Шрифт:
Интервал:
Закладка:
Но работы его содержат, помимо всего, что предвидел он, ещё и нечто такое, что, в извечном противостоянии с коварными силами зла, препятствует разрушению: в них есть великая, светлая, упрямая вера в людей, в торжество несомненное разума, лейтмотивом проходит в них, озаряя их, – убеждённость в жизнестойкости бытия.
За пеленой трагедийности – возникает свет обновления всей израненной и страдающей, но живучей, стойкой природы.
И ясное осознание этого преображения, пусть и в грядущем, всего сущего – помогало – в настоящем – художнику жить.
Но что-то – словно цветущее дерево кто-то жестокий сломал – надломилось в нём.
Всё больше он стал замыкаться в себе. Замыкаться – сознательно. Закрываться, отъединяться – от расхристанной, сложной, горчащей действительности, с которой не хотел примиряться всё чаще, от всего, что связано с нею – там, за блочными стенами дома, от всего, что мучительно близко, но всё-таки – там, за окном, а не здесь, где находится сам он, со своими думами грустными, со своим, сберегаемым им, светлым, чистым, радостным миром, доступ в который закрыт надёжно для бреда и зла.
Месяцами, а то и дольше, не выходил он из дому.
Не хотелось ему окунаться в реальность, с которой был он давно уже не в ладу.
Неподвижно лежал на тахте, размышляя о чём-то своём. Читал. Крутил рукоятку старенького приёмника, разыскивая зарубежные радиоголоса, с их новостями, такими непохожими на отечественные. Слушал, всё чаще, музыку.
Потом, встряхнувшись, рывком выбирался из своего долгого оцепенения, с головой окунался в работу.
Появлялась новая серия работ на больших оргалитах, которые он разыскивал в мебельных магазинах – и по частям, поступательно, перетаскивал их домой.
Если не было оргалитов – рисовал тогда на бумаге.
Он работал – и это главное.
Он работал – и, значит, жил.
И снова работы новые показывал он друзьям.
И в квартиру его набивались иногда десятки людей.
Но уже в посещениях этих – не было прежней радости.
И в показе работ уже не было – прежнего куража.
Всё стало – намного проще.
И – что делать – механистичнее.
Показал работы свои.
Посмотрели их. Похвалили.
Пообщались. И – разошлись.
Кто куда. По делам, возможно.
По домам. По чуждой ему до сих пор, огромной Москве.
И опять Беленок оставался – в одиночестве. Тосковал. Выпивал. А порою – пил. И бывало, что и подолгу.
И опять он потом восставал из тяжёлых своих состояний.

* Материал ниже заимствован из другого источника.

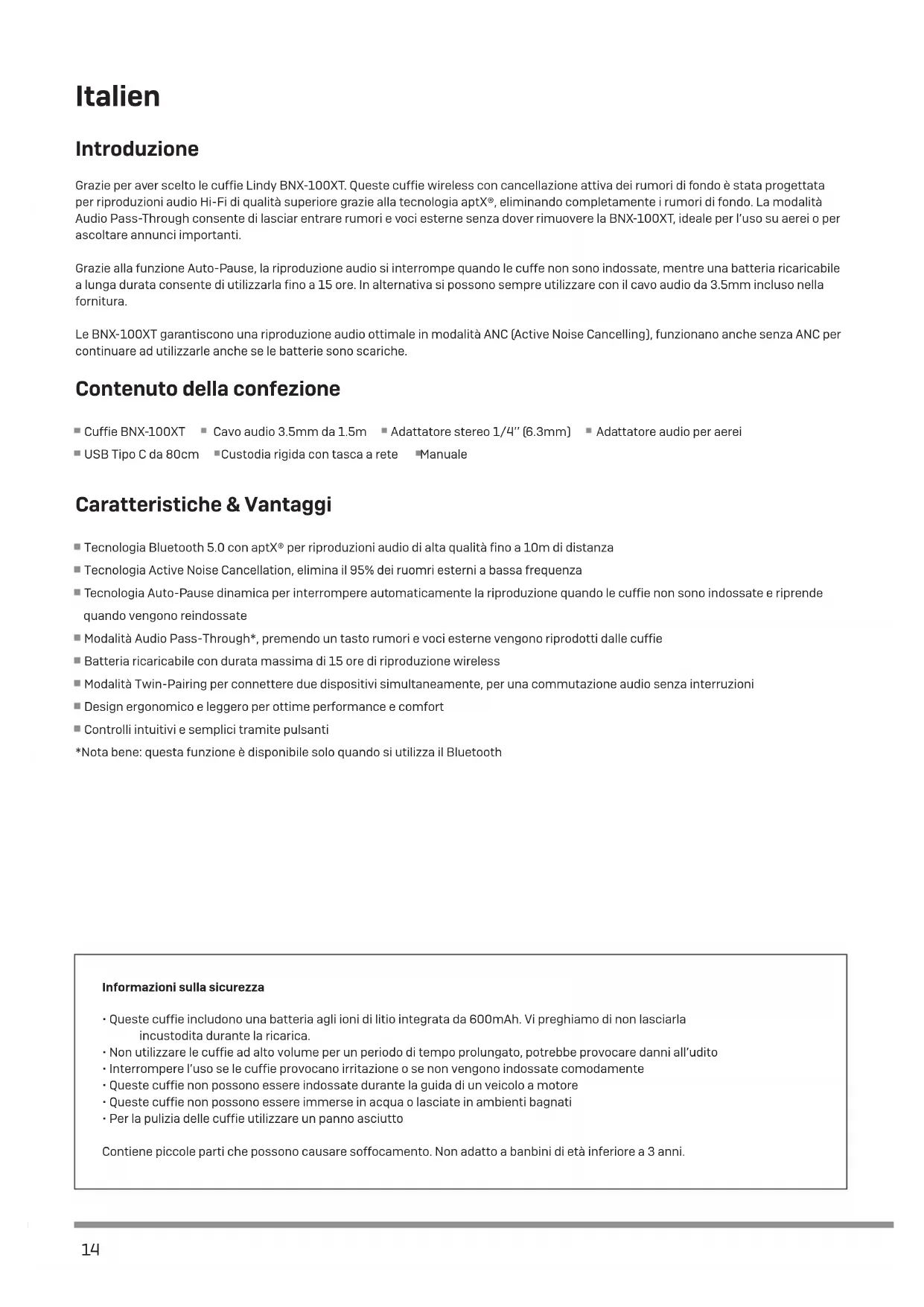 Scarica le istruzioni per il tuo Casco in formato PDF gratuitamente! Trova il tuo manuale BNX100XT - Lindy e riprendi in mano il tuo dispositivo elettronico. In questa pagina sono pubblicati tutti i documenti necessari per l'utilizzo del tuo dispositivo. BNX100XT del marchio Lindy.
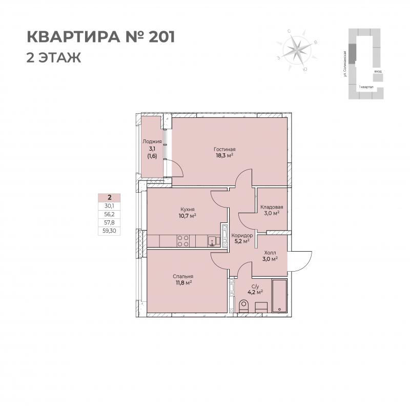 2-комн. квартира, 59.30 м², 2/6 этаж
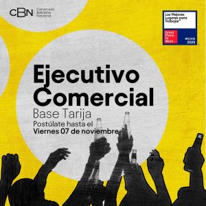 12. CBN - Cervecería Boliviana Nacional requiere un Ejecutivo Comercial para Tarija. Plazo de postulación hasta el viernes 07 de noviembre. Interesados postular en el siguiente enlace: https://wd1.myworkdaysite.com/es/recruiting/abinbev/BOL/job/Tarija/Ejecutivo-Comercial-Tarija_30089752
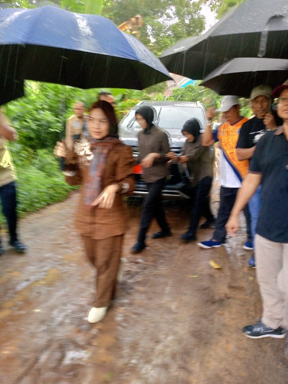 Bupati Serang, Hj. Ratu Rachmatuzakiyah S.Pd, MM, didampingi Camat Pabuaran, Idham Dhanal mengunjungi lokasi jalan Kampung Cikuya RT.016/005 Desa Sindang Sari, Kecamatan Pabuaran, pada.Minggu (6/7/2025).
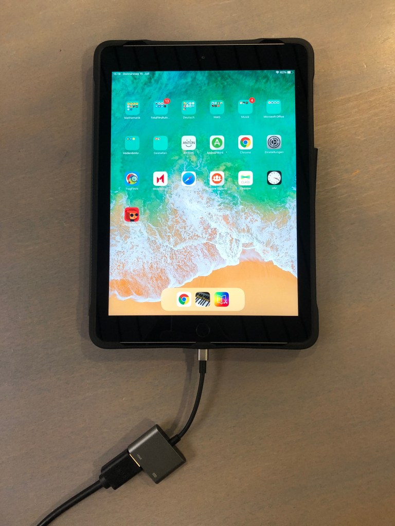 Die iPads werden per Kabel an die Beamer angeschlossen.
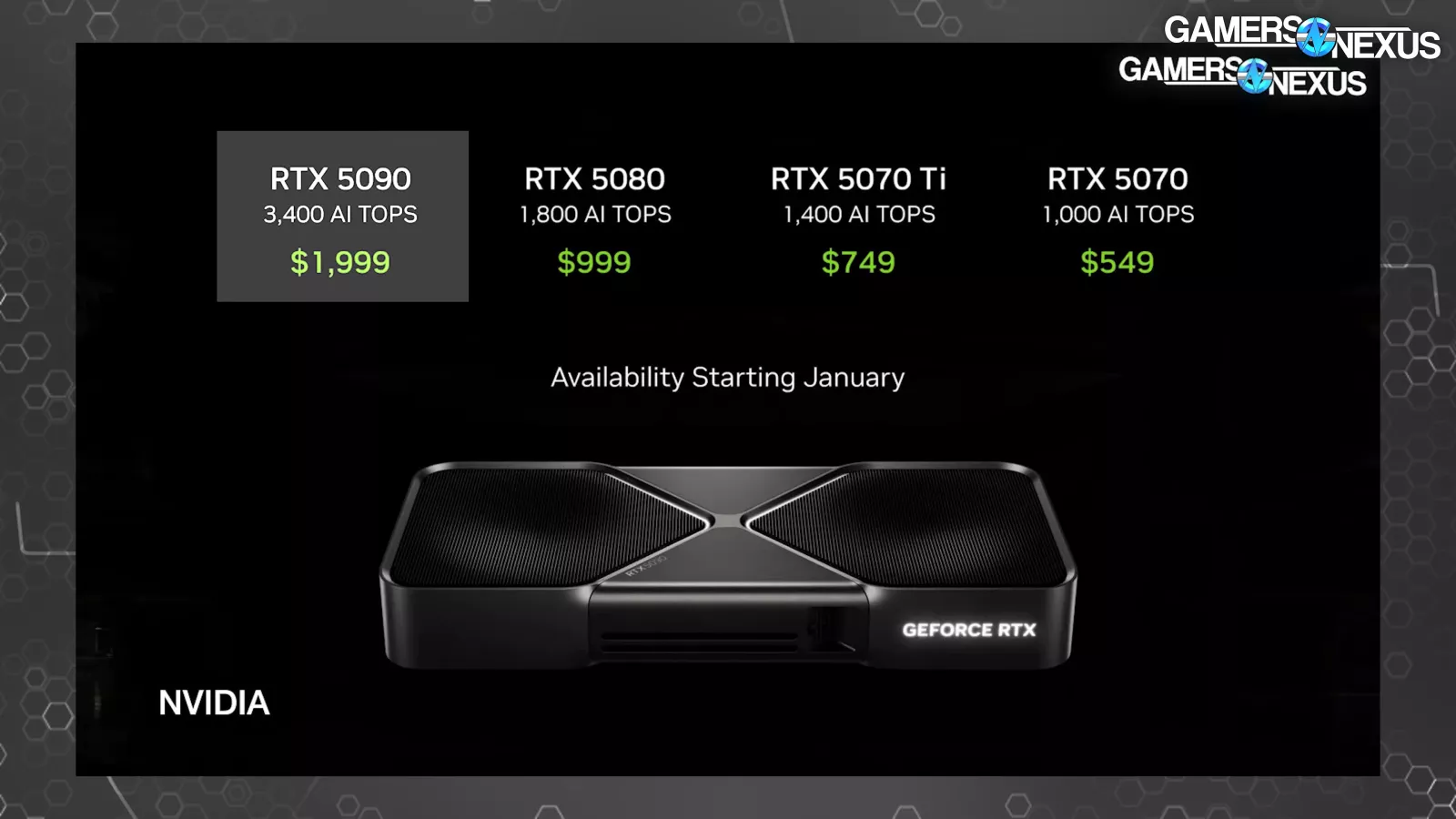 The NVIDIA RTX 5090 is supposed to be $2,000 and will have official availability on January 30th, joined by the $1,000 MSRP RTX 5080 on the same date. NVIDIA also has the 5070 Ti and 5070 launching in presumably February for $750 and $550.
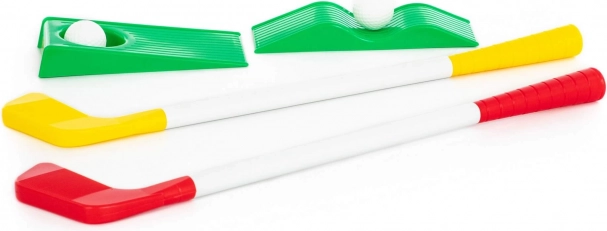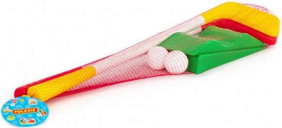 De kinderset bevat kunststof clubs met een rode en gele kop, licht van gewicht en makkelijk te hanteren.
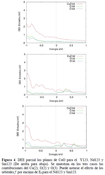 Si se comparan las contribuciones de los diferentes escenarios de los sistemas considerados en este trabajo, vemos que para del Nd123, la DEE de los planos de CuO disminuye 31% en el nivel de Fermi respecto al Y123, y aumenta 28% para el Sm123. Estos cambios podrían provocar el debilitamiento o fortalecimiento de la superconductividad en estos sistemas, acorde a la teoría BCS [30], y ser la causa de las diferencias en los diagramas de fase T-R que existen entre los tres sistemas.
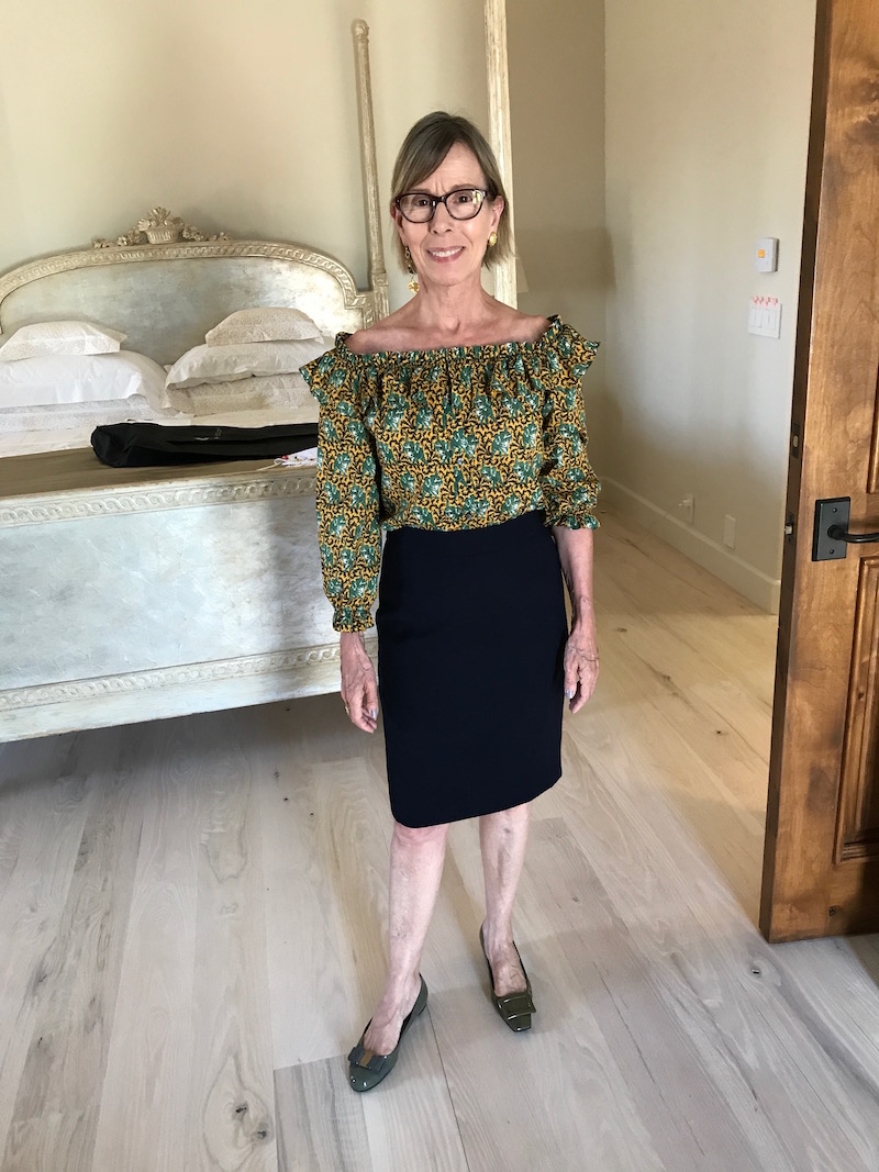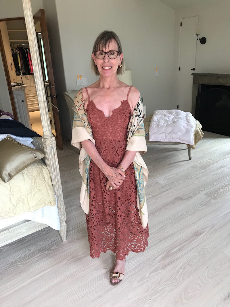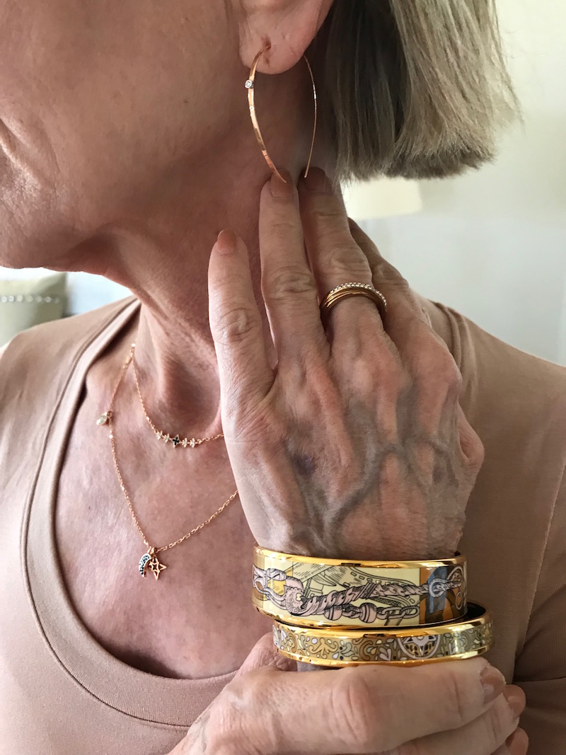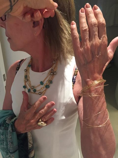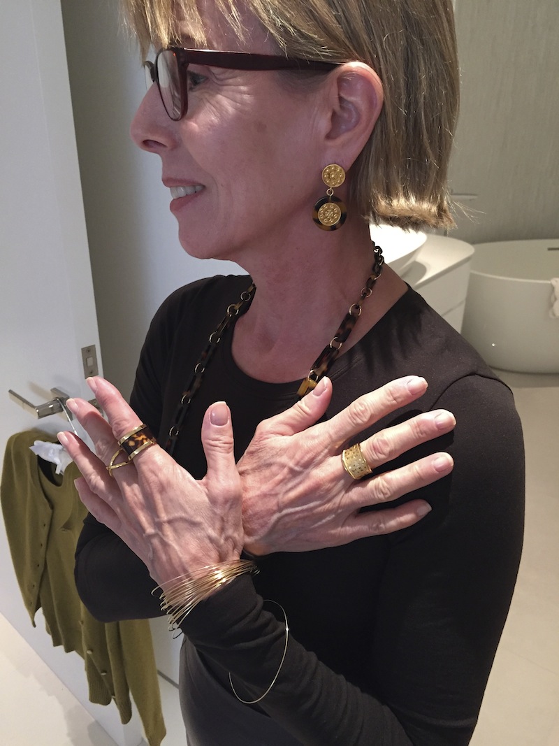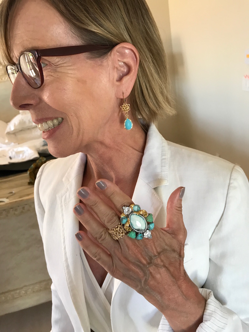Jewels: “Argento Vivo” gold lattice earrings or chunky gold earring, delicate gold bangles, “Argento Vivo” gold fleck ring or “Alexis Bittar” turquoise cocktail ring

И опять он – много работал.
А потом – опять замыкался в себе, от всех и всего.
И – снова впадал в хандру.
И потом, очнувшись от этого наваждения, – снова работал.
Между тем, работы его оказались в музеях западных.
И с выставками путешествовали они по различным странам.
С успехом прошла персональная выставка в Калифорнии.
Русский музей в Петербурге в советские годы был очень надёжным хранилищем нашего авангарда. Сотрудники этого славного музея приобрели у Беленка, сознательно, большое число работ. Платить за них много они, разумеется, не могли. Но не в оплате ведь дело. И Петя, насколько я помню, даже, кажется, большинство работ – просто им подарил.
Немало его работ увёз из Союза в Грецию, в тамошний свой музей, Георгий Дионисович Костаки.
Помню броские фотографии зарубежных различных выставок и чудесные экспозиции, где работы сильные Петины великолепно смотрелись.
Помню разные, присылаемые из западных стран, приглашения – приехать туда-то, ждут, мол, с нетерпением, и туда-то, которые с грустью, устало показывал мне Беленок, словно свидетельства некие чего-то более чем странного, непривычного, ничего, конечно же, общего с отечественной действительностью не имеющего, находящегося так далеко, что в само реальное существование такого вот благополучия и какого-то непостижимо спокойного давнего лада трудно было поверить.
Художник, провидевший раньше всех остальных грядущее и переживший, естественно, немалое потрясение, когда всё, о чём прорицал он в работах своих, сбылось, находился на новом этапе сложного своего, но верного, потому что он был предначертан, пути.
Появились, одна за другой, новые, да ещё и очень большого формата, действительно монументальные, выразительные композиции.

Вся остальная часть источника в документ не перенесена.